REQUIREMENT: Output all the data exactly. Pictures do not belong in the copy.

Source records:
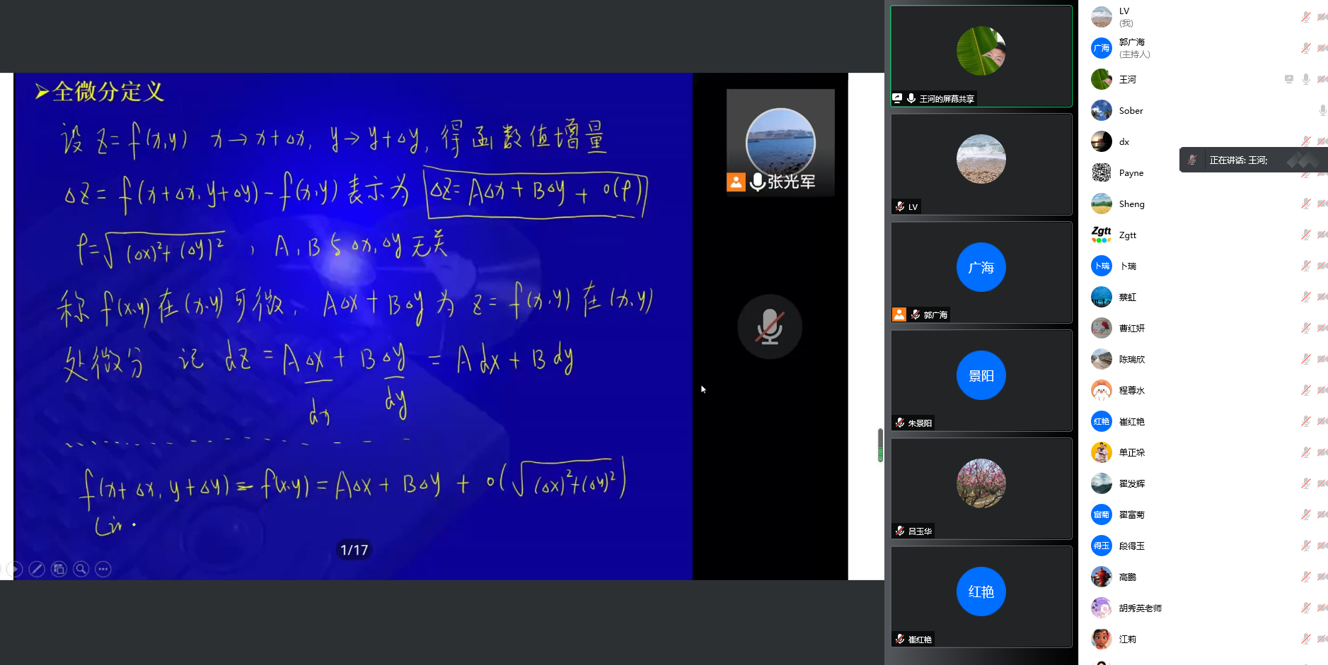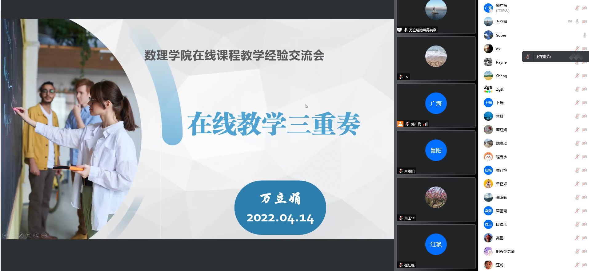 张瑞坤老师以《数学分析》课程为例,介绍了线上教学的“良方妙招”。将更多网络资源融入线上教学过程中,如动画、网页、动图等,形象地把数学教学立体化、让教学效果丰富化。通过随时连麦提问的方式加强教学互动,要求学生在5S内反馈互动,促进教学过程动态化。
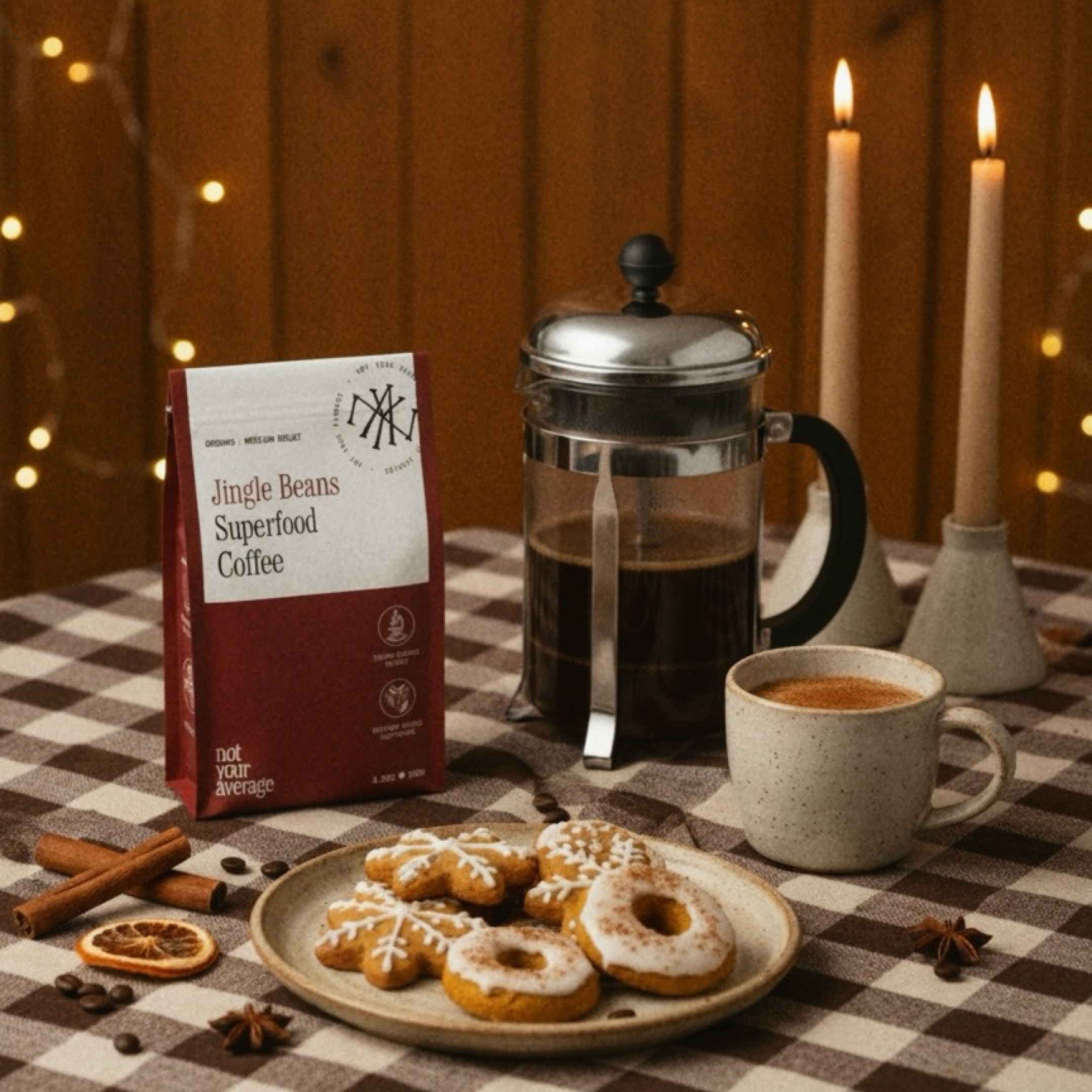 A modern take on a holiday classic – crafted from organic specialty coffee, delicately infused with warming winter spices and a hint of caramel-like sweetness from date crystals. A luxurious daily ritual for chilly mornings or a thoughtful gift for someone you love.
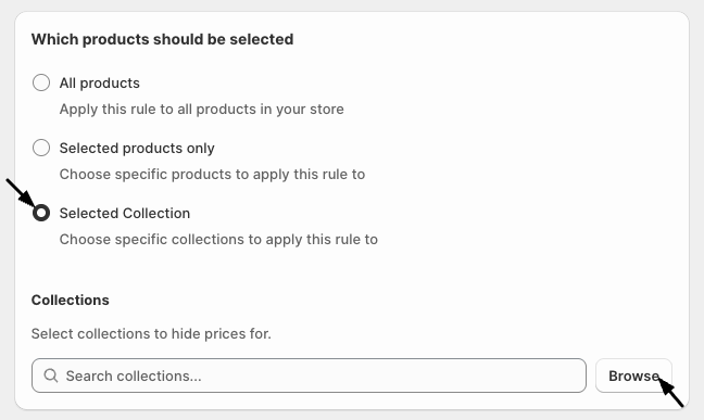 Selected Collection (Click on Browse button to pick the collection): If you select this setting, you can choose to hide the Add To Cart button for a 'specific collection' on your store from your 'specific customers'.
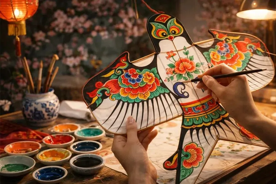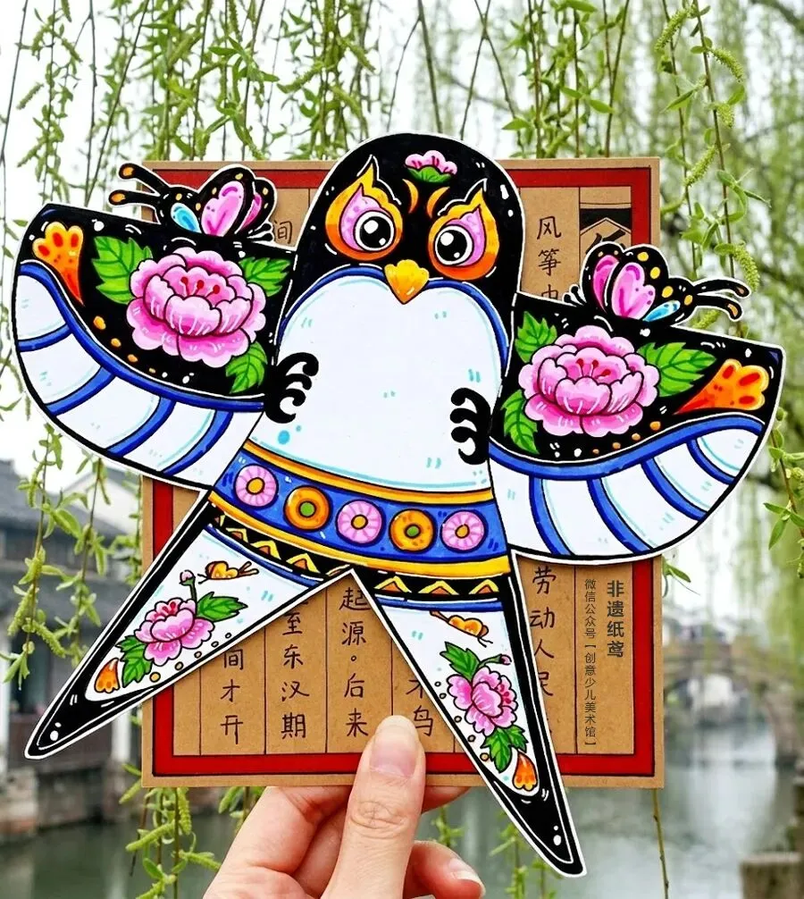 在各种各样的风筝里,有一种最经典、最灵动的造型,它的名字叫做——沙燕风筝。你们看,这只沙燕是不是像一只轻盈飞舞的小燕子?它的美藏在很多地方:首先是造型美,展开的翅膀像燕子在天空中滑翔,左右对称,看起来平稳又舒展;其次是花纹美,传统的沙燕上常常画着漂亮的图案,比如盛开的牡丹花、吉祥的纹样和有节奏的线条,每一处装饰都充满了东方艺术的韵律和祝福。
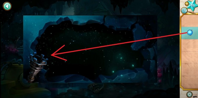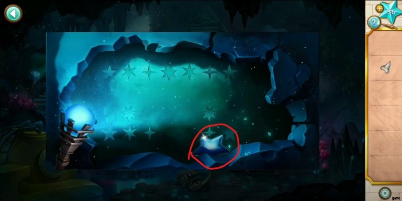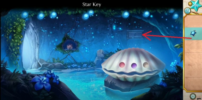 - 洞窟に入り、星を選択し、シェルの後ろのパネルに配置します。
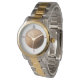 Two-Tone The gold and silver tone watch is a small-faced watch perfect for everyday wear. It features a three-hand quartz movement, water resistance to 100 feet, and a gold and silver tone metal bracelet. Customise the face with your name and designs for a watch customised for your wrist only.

ANSWER TO THIS TASK:
 张瑞坤老师以《数学分析》课程为例,介绍了线上教学的“良方妙招”。将更多网络资源融入线上教学过程中,如动画、网页、动图等,形象地把数学教学立体化、让教学效果丰富化。通过随时连麦提问的方式加强教学互动,要求学生在5S内反馈互动,促进教学过程动态化。
 A modern take on a holiday classic – crafted from organic specialty coffee, delicately infused with warming winter spices and a hint of caramel-like sweetness from date crystals. A luxurious daily ritual for chilly mornings or a thoughtful gift for someone you love.
 Selected Collection (Click on Browse button to pick the collection): If you select this setting, you can choose to hide the Add To Cart button for a 'specific collection' on your store from your 'specific customers'.
 在各种各样的风筝里,有一种最经典、最灵动的造型,它的名字叫做——沙燕风筝。你们看,这只沙燕是不是像一只轻盈飞舞的小燕子?它的美藏在很多地方:首先是造型美,展开的翅膀像燕子在天空中滑翔,左右对称,看起来平稳又舒展;其次是花纹美,传统的沙燕上常常画着漂亮的图案,比如盛开的牡丹花、吉祥的纹样和有节奏的线条,每一处装饰都充满了东方艺术的韵律和祝福。
 - 洞窟に入り、星を選択し、シェルの後ろのパネルに配置します。
 Two-Tone The gold and silver tone watch is a small-faced watch perfect for everyday wear. It features a three-hand quartz movement, water resistance to 100 feet, and a gold and silver tone metal bracelet. Customise the face with your name and designs for a watch customised for your wrist only.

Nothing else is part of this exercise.